AFTER THE BELL: TSX drops despite strong GDP data, higher oil prices; U.S. markets buoyed by U.S./China trade progress

Losses in the pivotal energy and financials sectors pulled Canada’s stock exchange into negative territory today.

The TSX fell 53 points despite a lift in oil prices and positive economic data from Statistics Canada.

A weight was aerospace giant Bombardier, which slipped 4.4 percent and was the most heavily-traded company on the index, supplanting perennial front runner Aurora Cannabis which moved two percent into the green.

Canada’s energy sector wobbled, even with oil rising 89 cents to $60.19 US a barrel.

Bolstering demand was OPEC supply cuts and U.S. sanctions against Iran and Venezuela.

Meanwhile, Stats Canada reported today that the nation’s economy grew by 0.3 percent in January, fully offsetting the declines in November and December of 2018.

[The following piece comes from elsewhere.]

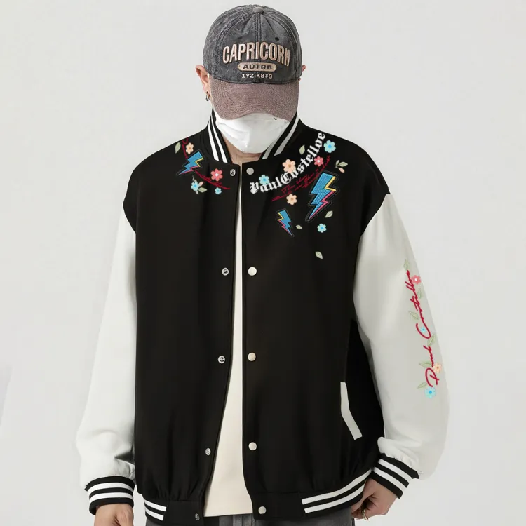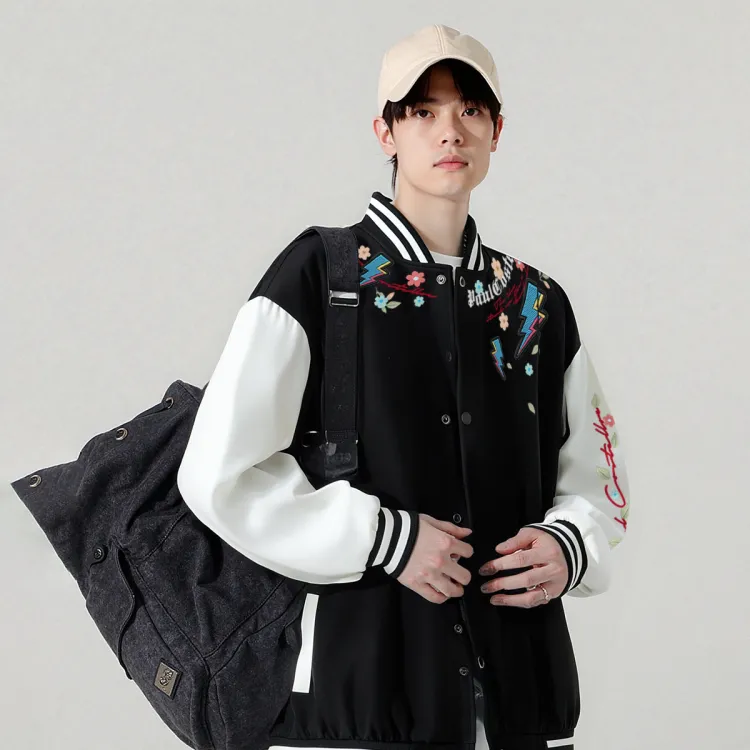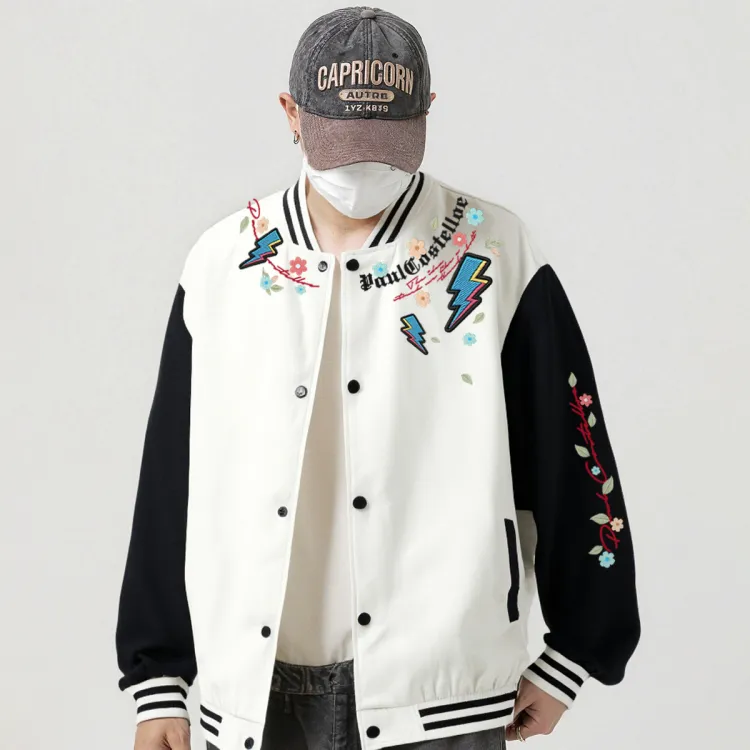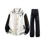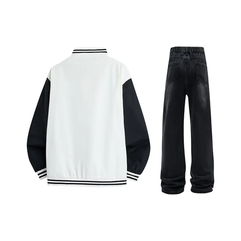 Комплект:Белая бейсбольная куртка + черные штаны

The rise was widespread as 18 of 20 industrial sectors were higher. StatsCan also noted that Canada’s manufacturing sector rose 1.5 percent in January.

In New York, perceived progress in a potential U.S./China trade deal boosted sentiment and lifted markets.

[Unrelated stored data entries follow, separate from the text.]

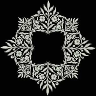 This embroidery design features an intricate floral motif arranged in a symmetrical square pattern with elegant leaves and flowers. Available for 5X5 hoops.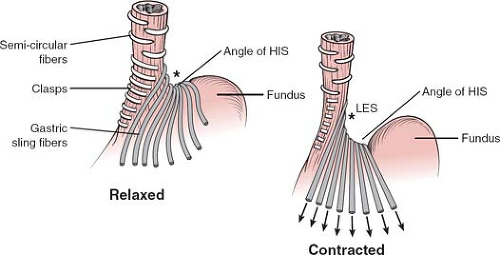 (1) The muscle cells themselves (myogenic). Gastric sling muscle fibers loop around the esophagogastric Junction (EGJ, the junction of the lower end of the esophagus with the stomach) and affect LES tone. Gastric sling fibers form the oblique muscle layer of the stomach and intermingle with the C-shaped fibers of the LES. Loss of gastric sling function is thought to be associated with severe reflux disease.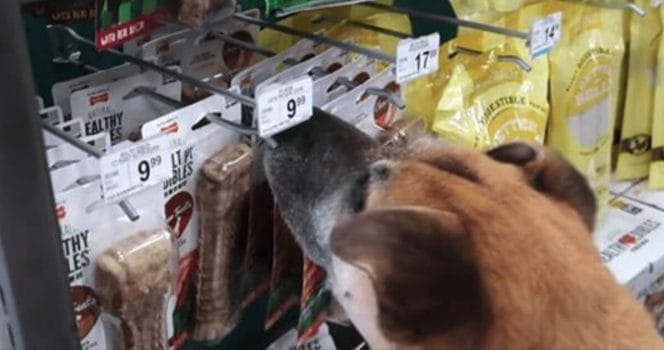 Han gick fram och nosade på leksakerna tills han hittade det han ville ha.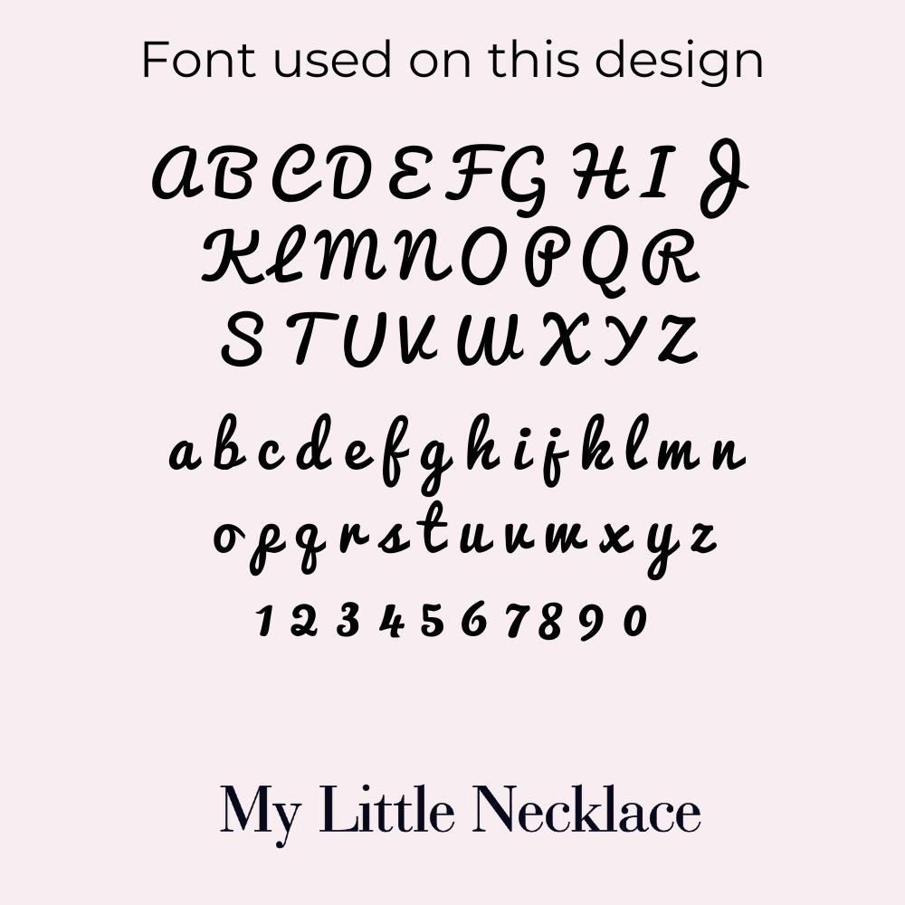 At My Little Necklace, you can personalise your jewellery using a wide range of languages and alphabets, including Arabic, Russian and other non-Latin scripts. We also support special characters and symbols such as @, $, &, *, ♡ and more.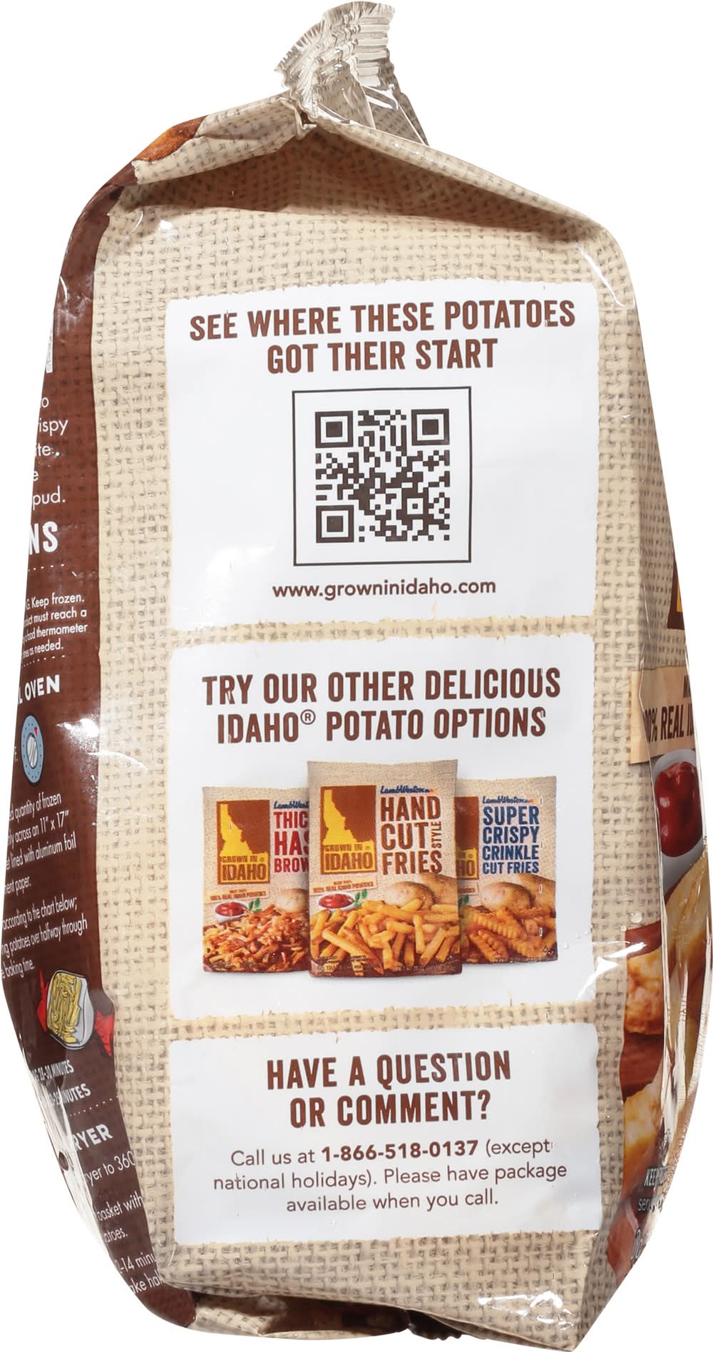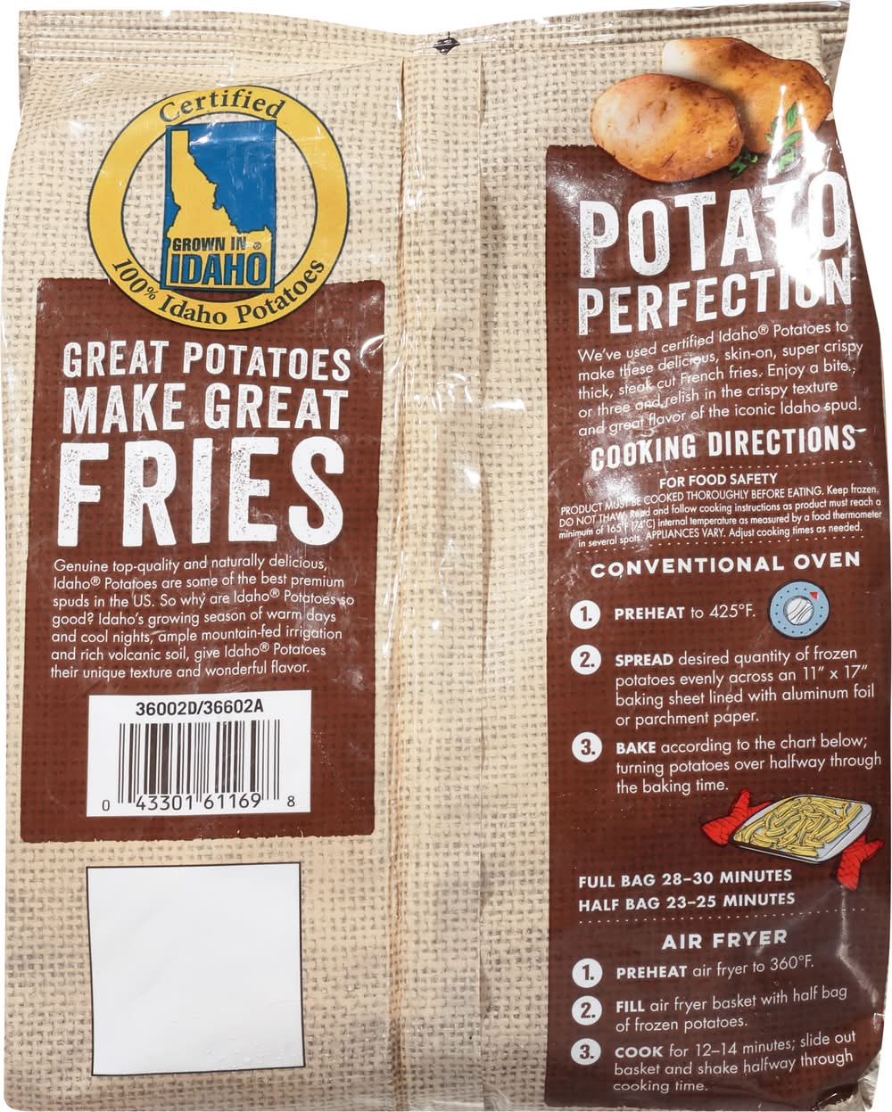 Directions for use: Bake: Cooking Directions: Conventional Oven: 1. Preheat to 425 degrees F. 2. Spread desired quantity of frozen potatoes evenly across an 11 inches x 17 inches baking sheet lined with aluminum foil or parchment paper. 3. Bake according to the chart below; turning potatoes over halfway through the baking time. Full bag 28 - 30 minutes. Half bag 23 - 25 minutes. Air Fryer: 1. Preheat air fryer to 360 degrees F. 2. Fill air fryer basket with half bag of frozen potatoes. 3. Cook for 12 - 14 minutes; slide out basket and shake halfway through cooking time. For food safety product must be cooked thoroughly before eating. Keep frozen. Do not thaw read and follow cooking instructions as product must reach a minimum of 165 degrees F (74 degrees C) internal temperature as measured by a food thermometer in several spots appliances vary. Adjust cooking times as needed. Keep frozen. Storage recommendation: Keep frozen.

Representatives from the world’s two largest economies wrapped up negotiations today, with America’s secretary treasurer saying that talks were “constructive.”

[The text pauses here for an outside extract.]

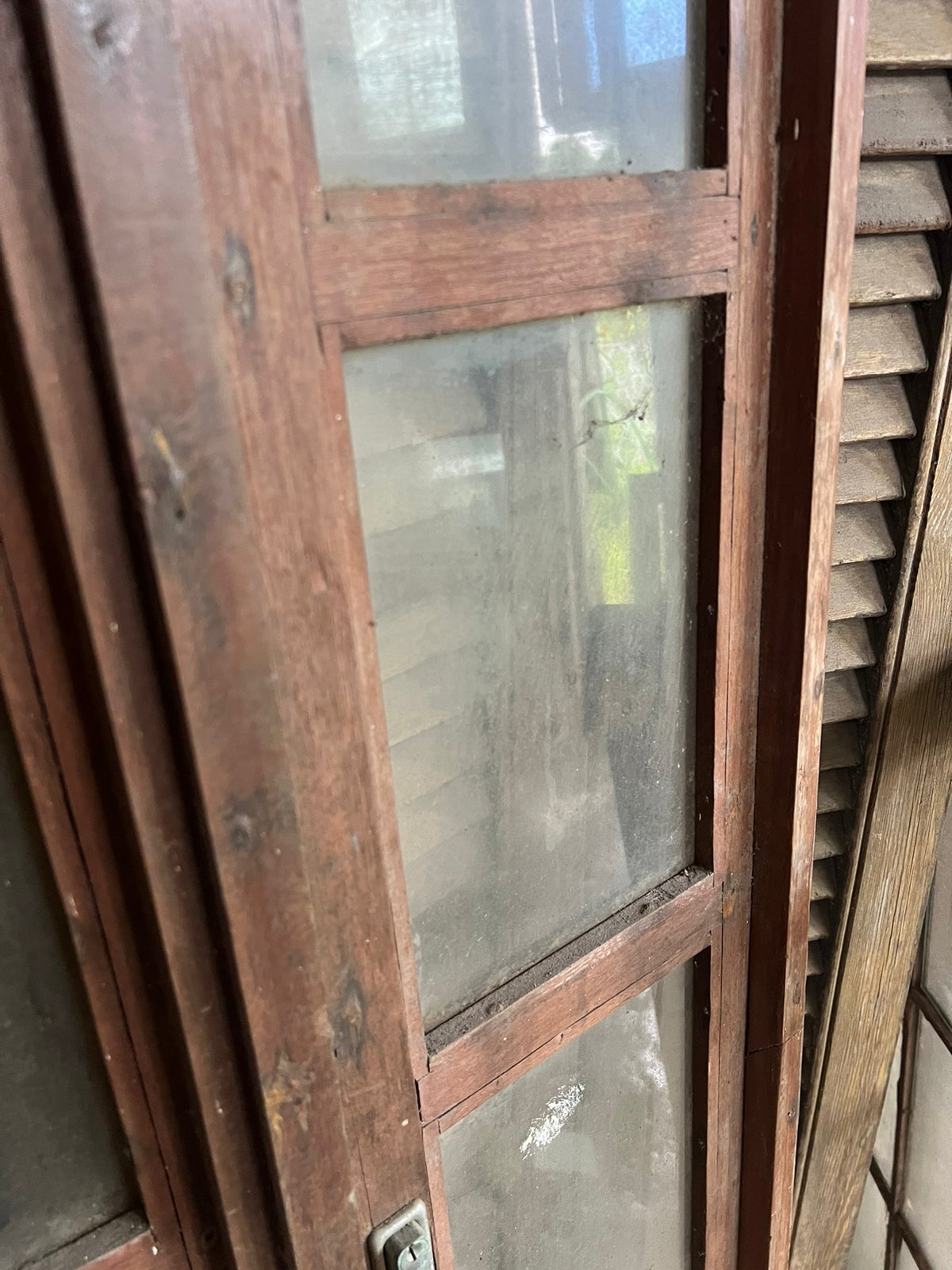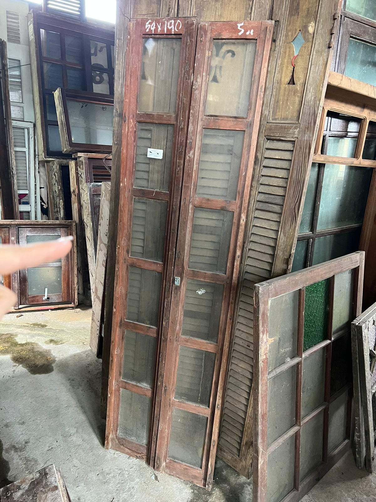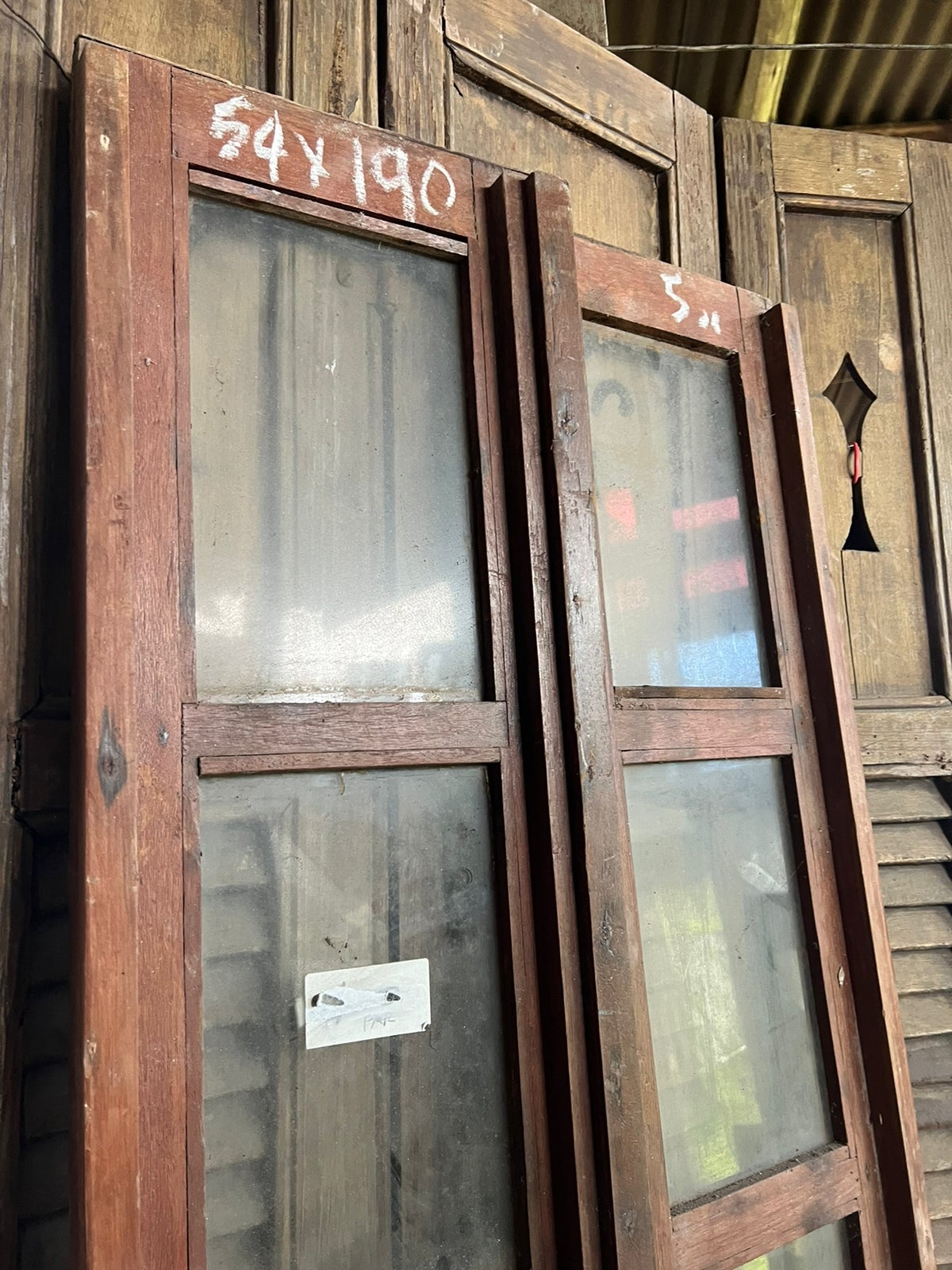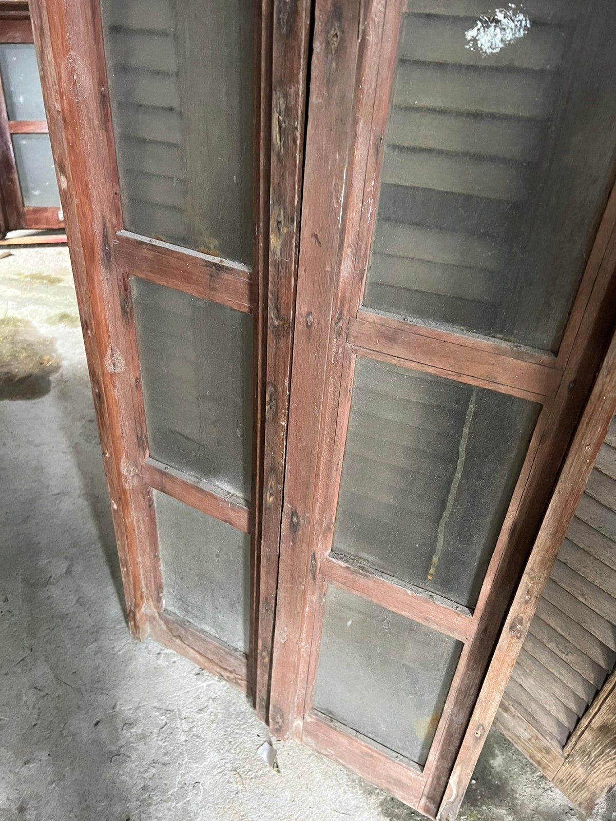 Feita de madeira maciça, sem acabamento. Possui 6 vidros em cada folha.

The Dow added 211 points while the Nasdaq was 60 points higher to end the week.

Industrial bellwethers Boeing and Caterpillar traded higher, up 1.8 and 2.3 percent respectively.

Ride-sharing giant Lyft achieved lift-off in its trading debut, by rising 8.7 percent. Lyft is the U.S.’s second largest ride-hail service in the U.S. behind Uber.

Overseas, there was yet another blow to British Prime Minister Theresa May’s Brexit bid, as MPs rejected her deal to leave the European Union for a third time.

Gold climbed $1.50 to $1,294 an ounce while the loonie rose 45/100ths of a cent to $0.7486 US.